[[ INFORMATION SHOWN open ]]
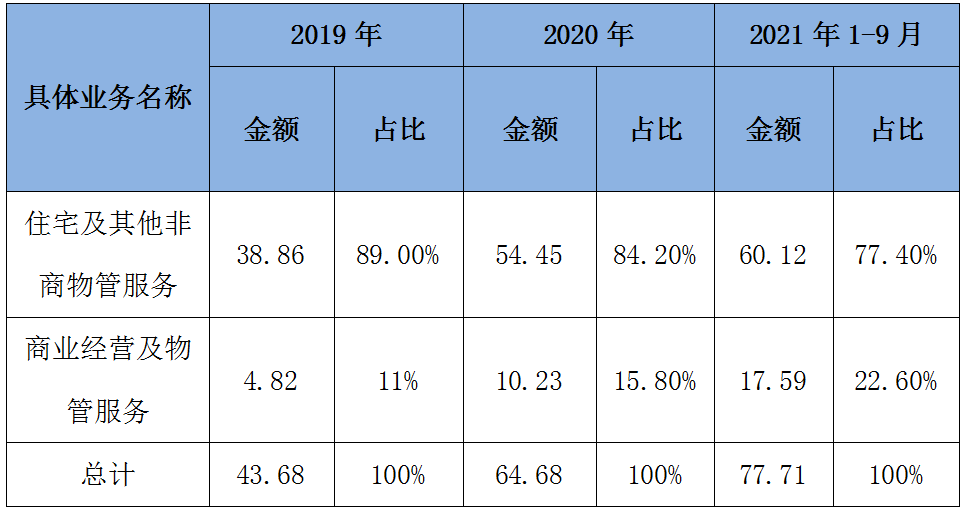 根據龍湖智創生活招股說明書顯示,從2019年到2021年9月,公司住宅及其他非商業物管服務對收入的貢獻率從89%下降到了77.4%,商業運營及物管服務對收入的貢獻率則從11%提升至22.6%。
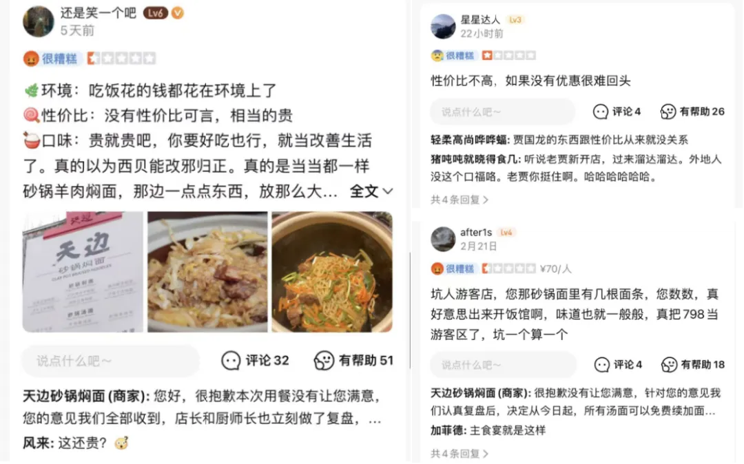 亦如曾经不少消费者质疑西贝的性价比,天边砂锅焖面的性价比也在被消费者质疑。
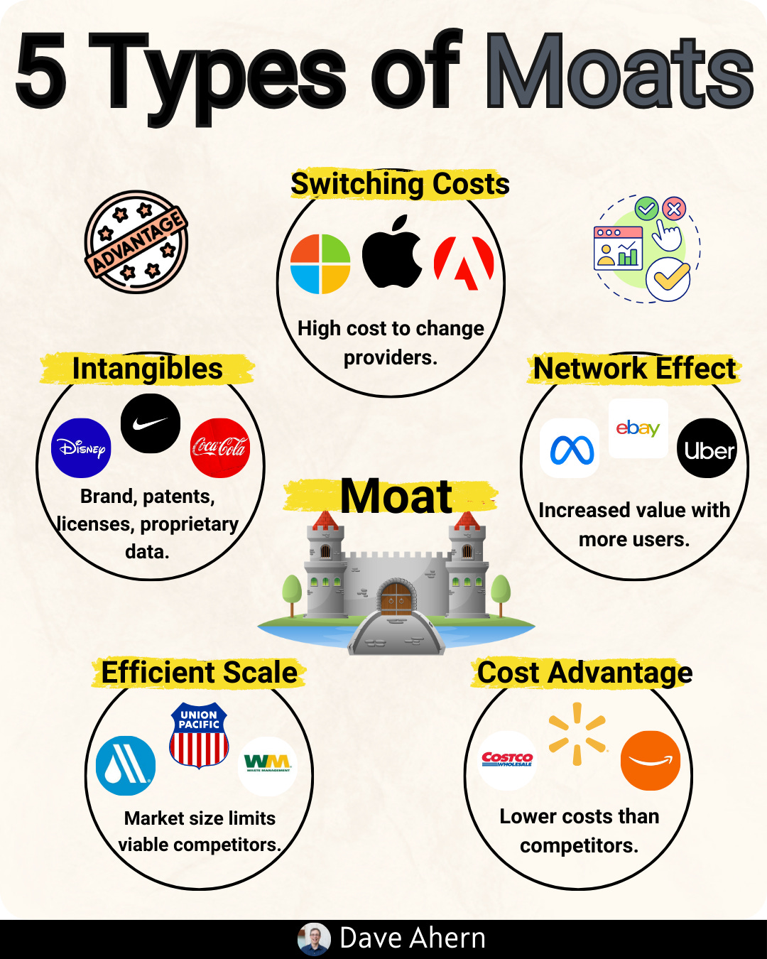 Source of advantage: Cost (scale, scope, unique assets)? Brand (pricing power, loyalty)? Network effects (user-to-user value)? Switching costs (integration, learning curve)? Regulations (licenses, IP)?
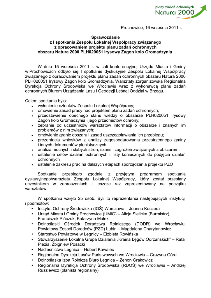 Prochowice, 16 września 2011 r. Sprawozdanie z I spotkania Zespołu Lokalnej Współpracy związanego z opracowaniem projektu planu zadań ochronnych obszaru Natura 2000 PLH020051 Irysowy Zagon koło Gromadzynia W dniu 15 września 2011 r. w sali konferencyjnej Urzędu Miasta i Gminy w Prochowicach odbyło się I spotkanie dyskusyjne Zespołu Lokalnej Współpracy związanego z opracowaniem projektu planu zadań ochronnych obszaru Natura 2000 PLH020051 Irysowy Zagon koło Gromadzynia. Warsztaty zorganizowała Regionalna Dyrekcja Ochrony Środowiska we Wrocławiu wraz z wykonawcą planu zadań ochronnych Biurem Urządzania Lasu i Geodezji Leśnej Oddział w Brzegu. Celem spotkania było: wyłonienie członków Zespołu Lokalnej Współpracy; omówienie zasad pracy nad projektem planu zadań ochronnych; przedstawienie obecnego stanu wiedzy o obszarze PLH020051 Irysowy Zagon koło Gromadzynia i jego przedmiotów ochrony; zebranie od uczestników warsztatów informacji o obszarze i znanych im problemów z nim związanych; omówienie granic obszaru i zasad uszczegóławiania ich przebiegu; prezentacja wniosków z analizy zagospodarowania przestrzennego gminy i innych dokumentów planistycznych; analiza mocnych i słabych stron, szans i zagrożeń związanych z obszarem; ustalenie celów działań ochronnych i listy koniecznych do podjęcia działań ochronnych ustalenie zakresu prac na dalszych etapach sporządzania projektu PZO Spotkanie przebiegło zgodnie z przyjętym programem spotkania dyskusyjnego/warsztatu Zespołu Lokalnej Współpracy, który został przesłany uczestnikom w zaproszeniach i jeszcze raz zaprezentowany na początku warsztatów. W spotkaniu wzięło 25 osób. Byli to reprezentanci następujących instytucji i podmiotów: • Instytut Ochrony Środowiska (IOŚ) Warszawa – Joanna Kuczera • Urząd Miasta i Gminy Prochowice (UMiG) – Alicja Sielicka (Burmistrz), Franciszek Pińczuk, Katarzyna Małek • Dolnośląski Ośrodek Doradztwa Rolniczego (DODR) we Wrocławiu, Powiatowy Zespół Doradców (PZD) Lubin – Magdalena Charytanowicz • Starostwo Powiatowe w Legnicy – Elżbieta Rowińska • Stowarzyszenie Lokalna Grupa Działania „Kraina Łęgów Odrzańskich” – Rafał Plezia, Zbigniew Posacki • Nadleśnictwo Legnica – Hubert Kawalec • Regionalna Dyrekcja Lasów Państwowych we Wrocławiu – Grażyna Góral • Dolnośląska Izba Rolnicza Biuro Legnica – Zenon Grakowicz • Regionalna Dyrekcja Ochrony Środowiska (RDOŚ) we Wrocławiu – Andrzej Ruszlewicz (planista regionalny) • • Biuro Urządzania Lasu i Geodezji Leśnej (BULiGL) Oddział w Brzegu – Anna Wójcicka-Rosińska, Dariusz Rosiński (koordynator) Właściciele prywatni gruntów (rolnicy) – 12 osób Spotkanie rozpoczęło się powitaniem gości przez panią Burmistrz Alicję Sielicką. Następnie w imieniu Regionalnej Dyrekcji Ochrony Środowiska we Wrocławiu oraz Biura Urządzania Lasu i Geodezji Leśnej Oddział w Brzegu zaproszonych gości powitał Andrzej Ruszlewicz i zaproponował, aby uczestnicy spotkania się przedstawili. Następnie zaprezentował plan spotkania, omówił poszczególne jego punkty i zapytał o zgodę uczestników, co do proponowanego przebiegu spotkania. Nikt spośród zgromadzonych nie wniósł uwag w tym zakresie. Po sporządzeniu listy obecności rozpoczęła się pierwsza prezentacja dotycząca zagadnień związanych z podstawami prawnymi funkcjonowania sieci Natura 2000 oraz sporządzania planów zadań ochronnych dla obszarów Natura 2000. Andrzej Ruszlewicz RDOŚ we Wrocławiu (planista regionalny) Przedstawił prezentację pt.: „Celowość wprowadzania sieci obszarów chronionych Natura 2000”, w której wyjaśnił ideę sieci Natura 2000 i proces wprowadzania tego programu na obszarze Polski. Prelegent przedstawił m.in. skuteczność prac nad programem w naszym kraju oraz ich jakość na tle pozostałych krajów Unii Europejskiej. Ponadto wskazał na podstawowe akty prawne określające funkcjonowanie sieci. Następnie przedstawił zasady tworzenia planów zadań ochronnych i aktualny stan zaawansowania prac nad tego typu planami w Polsce. Kolejnym punktem programu była prezentacja dotycząca samego obszaru Natura 2000 Irysowy Zagon koło Gromadzynia i jego przedmiotów ochrony. Anna Wójcicka-Rosińska BULiGL Oddział w Brzegu W prezentacji pt.: „Specjalny Obszar Ochrony Natura 2000 Irysowy Zagon koło Gromadzynia PLH020051 prelegentka przedstawiła informacje zawarte w Standardowym Formularzu Danych (SDF) obszaru i scharakteryzowała jego przedmioty ochrony. Wskazała również na położenie przedmiotów ochrony względem podziału na działki ewidencyjne obszaru ostoi. Przy okazji charakterystyki siedlisk wytłumaczyła rozbieżności pomiędzy informacjami w SDF-ie a rzeczywistym stanem potwierdzonym w czasie weryfikacji terenowych. Następnie zaprezentowała chronione krajowym prawem gatunki roślin występujące na siedliskach przyrodniczych oraz zagrożone gatunki w skali regionu i kraju. Przy okazji charakterystyki zwierząt stanowiących przedmioty ochrony ostoi prelegentka omówiła ich biologię i wskazała na wrażliwe cechy i potencjalne zagrożenia. W prezentacji zaproponowano włączenie na listę przedmiotów ochrony nowego gatunku – przeplatki maturna Euphydryas maturna oraz dwóch siedlisk przyrodniczych, które zinwentaryzowano w granicach ostoi w czasie prac terenowych – 6440 Łąki selernicowe (Cnidion dubii) oraz 91E0 *Łęgi wierzbowe, topolowe, olszowe i jesionowe (Salicetum albae, Populetum albae, Alnenion glutinoso-incanae, olsy źródliskowe). Wskazano również na konieczność skorygowania pierwotnej zawartości SDF dotyczącej trzech przedmiotów ochrony oraz udziału procentowego poszczególnych siedlisk przyrodniczych będących przedmiotami ochrony. Problem dotyczył siedliska *6230 Bogate florystycznie górskie i niżowe murawy bliźniczkowe (Nardion) oraz dwóch gatunków modraszków - 1061 modras
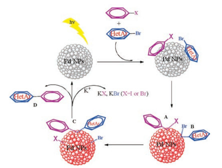 A plausible mechanism of the photocatalytic cross-coupling is illustrated in Fig. 3. Under the visible light irradiation, the concentrated energetic electrons can transfer to the halogen atom from the Pd atoms to facilitate the cleavage of C—X bonds to form an Ar—Pd—X complex A and Het-Pd-Br complex B. Next, the intermediates Ar-Pd-Het C generates in situ from the complexs A and B on the surface of Pd NPs. The final product D can be achieved by reductive elimination, and the Pd active sites can be returned to the initial states.
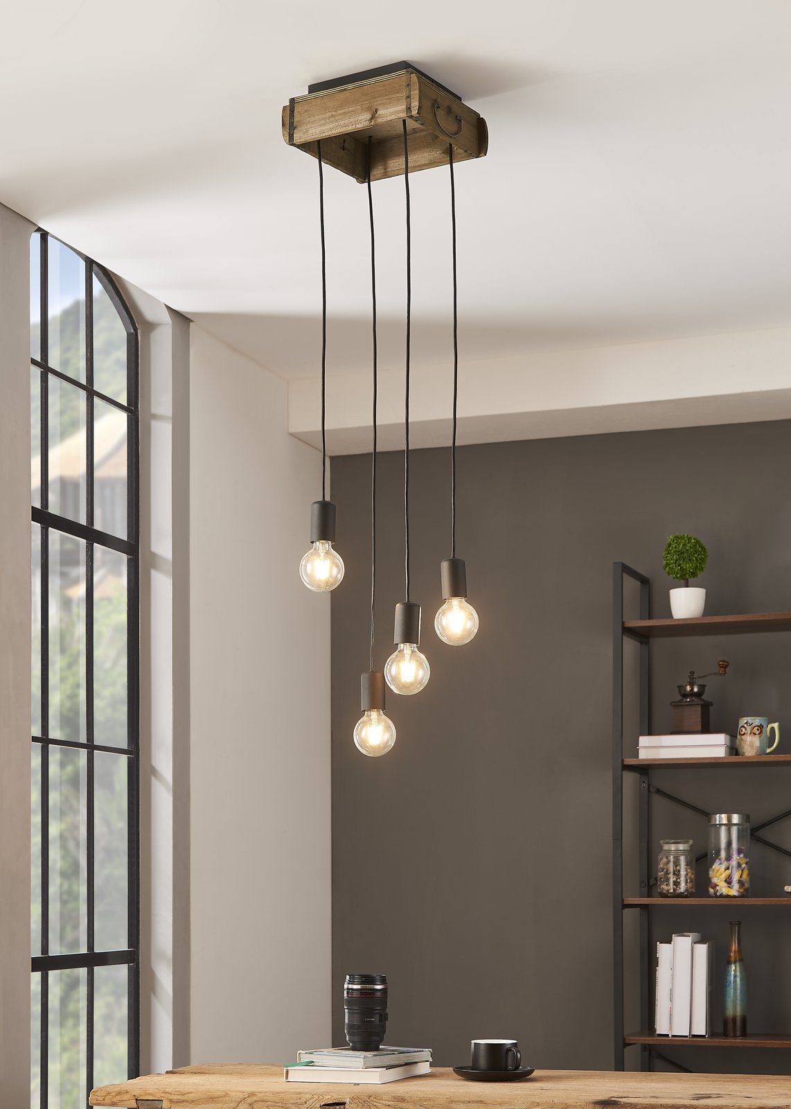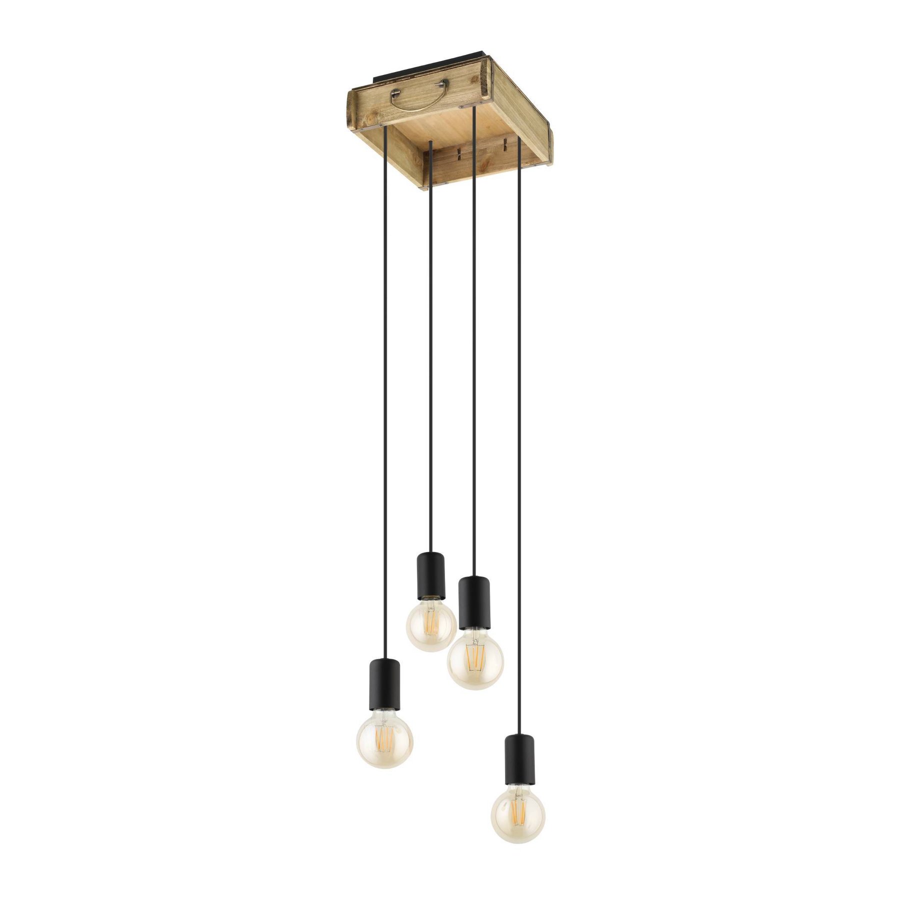 Stilvolle Pendelleuchten aus Holz in brauner Farbe und Stahl in schwarzer Farbe. An der Decke hängt eine Holzkiste, an der schwarze Steckdosen hängen. Bestücken Sie sie mit interessanten Retro-Glühbirnen, die die Einzigartigkeit dieser Lampe noch verstärken. |
[[ INFORMATION SHOWN closed ]]
WORK ORDER |
An exact, word-for-word copy of the records is expected, with no pictures in it.

OUTPUT |
 根據龍湖智創生活招股說明書顯示,從2019年到2021年9月,公司住宅及其他非商業物管服務對收入的貢獻率從89%下降到了77.4%,商業運營及物管服務對收入的貢獻率則從11%提升至22.6%。
 亦如曾经不少消费者质疑西贝的性价比,天边砂锅焖面的性价比也在被消费者质疑。
 Source of advantage: Cost (scale, scope, unique assets)? Brand (pricing power, loyalty)? Network effects (user-to-user value)? Switching costs (integration, learning curve)? Regulations (licenses, IP)?
 Prochowice, 16 września 2011 r. Sprawozdanie z I spotkania Zespołu Lokalnej Współpracy związanego z opracowaniem projektu planu zadań ochronnych obszaru Natura 2000 PLH020051 Irysowy Zagon koło Gromadzynia W dniu 15 września 2011 r. w sali konferencyjnej Urzędu Miasta i Gminy w Prochowicach odbyło się I spotkanie dyskusyjne Zespołu Lokalnej Współpracy związanego z opracowaniem projektu planu zadań ochronnych obszaru Natura 2000 PLH020051 Irysowy Zagon koło Gromadzynia. Warsztaty zorganizowała Regionalna Dyrekcja Ochrony Środowiska we Wrocławiu wraz z wykonawcą planu zadań ochronnych Biurem Urządzania Lasu i Geodezji Leśnej Oddział w Brzegu. Celem spotkania było: wyłonienie członków Zespołu Lokalnej Współpracy; omówienie zasad pracy nad projektem planu zadań ochronnych; przedstawienie obecnego stanu wiedzy o obszarze PLH020051 Irysowy Zagon koło Gromadzynia i jego przedmiotów ochrony; zebranie od uczestników warsztatów informacji o obszarze i znanych im problemów z nim związanych; omówienie granic obszaru i zasad uszczegóławiania ich przebiegu; prezentacja wniosków z analizy zagospodarowania przestrzennego gminy i innych dokumentów planistycznych; analiza mocnych i słabych stron, szans i zagrożeń związanych z obszarem; ustalenie celów działań ochronnych i listy koniecznych do podjęcia działań ochronnych ustalenie zakresu prac na dalszych etapach sporządzania projektu PZO Spotkanie przebiegło zgodnie z przyjętym programem spotkania dyskusyjnego/warsztatu Zespołu Lokalnej Współpracy, który został przesłany uczestnikom w zaproszeniach i jeszcze raz zaprezentowany na początku warsztatów. W spotkaniu wzięło 25 osób. Byli to reprezentanci następujących instytucji i podmiotów: • Instytut Ochrony Środowiska (IOŚ) Warszawa – Joanna Kuczera • Urząd Miasta i Gminy Prochowice (UMiG) – Alicja Sielicka (Burmistrz), Franciszek Pińczuk, Katarzyna Małek • Dolnośląski Ośrodek Doradztwa Rolniczego (DODR) we Wrocławiu, Powiatowy Zespół Doradców (PZD) Lubin – Magdalena Charytanowicz • Starostwo Powiatowe w Legnicy – Elżbieta Rowińska • Stowarzyszenie Lokalna Grupa Działania „Kraina Łęgów Odrzańskich” – Rafał Plezia, Zbigniew Posacki • Nadleśnictwo Legnica – Hubert Kawalec • Regionalna Dyrekcja Lasów Państwowych we Wrocławiu – Grażyna Góral • Dolnośląska Izba Rolnicza Biuro Legnica – Zenon Grakowicz • Regionalna Dyrekcja Ochrony Środowiska (RDOŚ) we Wrocławiu – Andrzej Ruszlewicz (planista regionalny) • • Biuro Urządzania Lasu i Geodezji Leśnej (BULiGL) Oddział w Brzegu – Anna Wójcicka-Rosińska, Dariusz Rosiński (koordynator) Właściciele prywatni gruntów (rolnicy) – 12 osób Spotkanie rozpoczęło się powitaniem gości przez panią Burmistrz Alicję Sielicką. Następnie w imieniu Regionalnej Dyrekcji Ochrony Środowiska we Wrocławiu oraz Biura Urządzania Lasu i Geodezji Leśnej Oddział w Brzegu zaproszonych gości powitał Andrzej Ruszlewicz i zaproponował, aby uczestnicy spotkania się przedstawili. Następnie zaprezentował plan spotkania, omówił poszczególne jego punkty i zapytał o zgodę uczestników, co do proponowanego przebiegu spotkania. Nikt spośród zgromadzonych nie wniósł uwag w tym zakresie. Po sporządzeniu listy obecności rozpoczęła się pierwsza prezentacja dotycząca zagadnień związanych z podstawami prawnymi funkcjonowania sieci Natura 2000 oraz sporządzania planów zadań ochronnych dla obszarów Natura 2000. Andrzej Ruszlewicz RDOŚ we Wrocławiu (planista regionalny) Przedstawił prezentację pt.: „Celowość wprowadzania sieci obszarów chronionych Natura 2000”, w której wyjaśnił ideę sieci Natura 2000 i proces wprowadzania tego programu na obszarze Polski. Prelegent przedstawił m.in. skuteczność prac nad programem w naszym kraju oraz ich jakość na tle pozostałych krajów Unii Europejskiej. Ponadto wskazał na podstawowe akty prawne określające funkcjonowanie sieci. Następnie przedstawił zasady tworzenia planów zadań ochronnych i aktualny stan zaawansowania prac nad tego typu planami w Polsce. Kolejnym punktem programu była prezentacja dotycząca samego obszaru Natura 2000 Irysowy Zagon koło Gromadzynia i jego przedmiotów ochrony. Anna Wójcicka-Rosińska BULiGL Oddział w Brzegu W prezentacji pt.: „Specjalny Obszar Ochrony Natura 2000 Irysowy Zagon koło Gromadzynia PLH020051 prelegentka przedstawiła informacje zawarte w Standardowym Formularzu Danych (SDF) obszaru i scharakteryzowała jego przedmioty ochrony. Wskazała również na położenie przedmiotów ochrony względem podziału na działki ewidencyjne obszaru ostoi. Przy okazji charakterystyki siedlisk wytłumaczyła rozbieżności pomiędzy informacjami w SDF-ie a rzeczywistym stanem potwierdzonym w czasie weryfikacji terenowych. Następnie zaprezentowała chronione krajowym prawem gatunki roślin występujące na siedliskach przyrodniczych oraz zagrożone gatunki w skali regionu i kraju. Przy okazji charakterystyki zwierząt stanowiących przedmioty ochrony ostoi prelegentka omówiła ich biologię i wskazała na wrażliwe cechy i potencjalne zagrożenia. W prezentacji zaproponowano włączenie na listę przedmiotów ochrony nowego gatunku – przeplatki maturna Euphydryas maturna oraz dwóch siedlisk przyrodniczych, które zinwentaryzowano w granicach ostoi w czasie prac terenowych – 6440 Łąki selernicowe (Cnidion dubii) oraz 91E0 *Łęgi wierzbowe, topolowe, olszowe i jesionowe (Salicetum albae, Populetum albae, Alnenion glutinoso-incanae, olsy źródliskowe). Wskazano również na konieczność skorygowania pierwotnej zawartości SDF dotyczącej trzech przedmiotów ochrony oraz udziału procentowego poszczególnych siedlisk przyrodniczych będących przedmiotami ochrony. Problem dotyczył siedliska *6230 Bogate florystycznie górskie i niżowe murawy bliźniczkowe (Nardion) oraz dwóch gatunków modraszków - 1061 modras
 A plausible mechanism of the photocatalytic cross-coupling is illustrated in Fig. 3. Under the visible light irradiation, the concentrated energetic electrons can transfer to the halogen atom from the Pd atoms to facilitate the cleavage of C—X bonds to form an Ar—Pd—X complex A and Het-Pd-Br complex B. Next, the intermediates Ar-Pd-Het C generates in situ from the complexs A and B on the surface of Pd NPs. The final product D can be achieved by reductive elimination, and the Pd active sites can be returned to the initial states.
 Stilvolle Pendelleuchten aus Holz in brauner Farbe und Stahl in schwarzer Farbe. An der Decke hängt eine Holzkiste, an der schwarze Steckdosen hängen. Bestücken Sie sie mit interessanten Retro-Glühbirnen, die die Einzigartigkeit dieser Lampe noch verstärken. |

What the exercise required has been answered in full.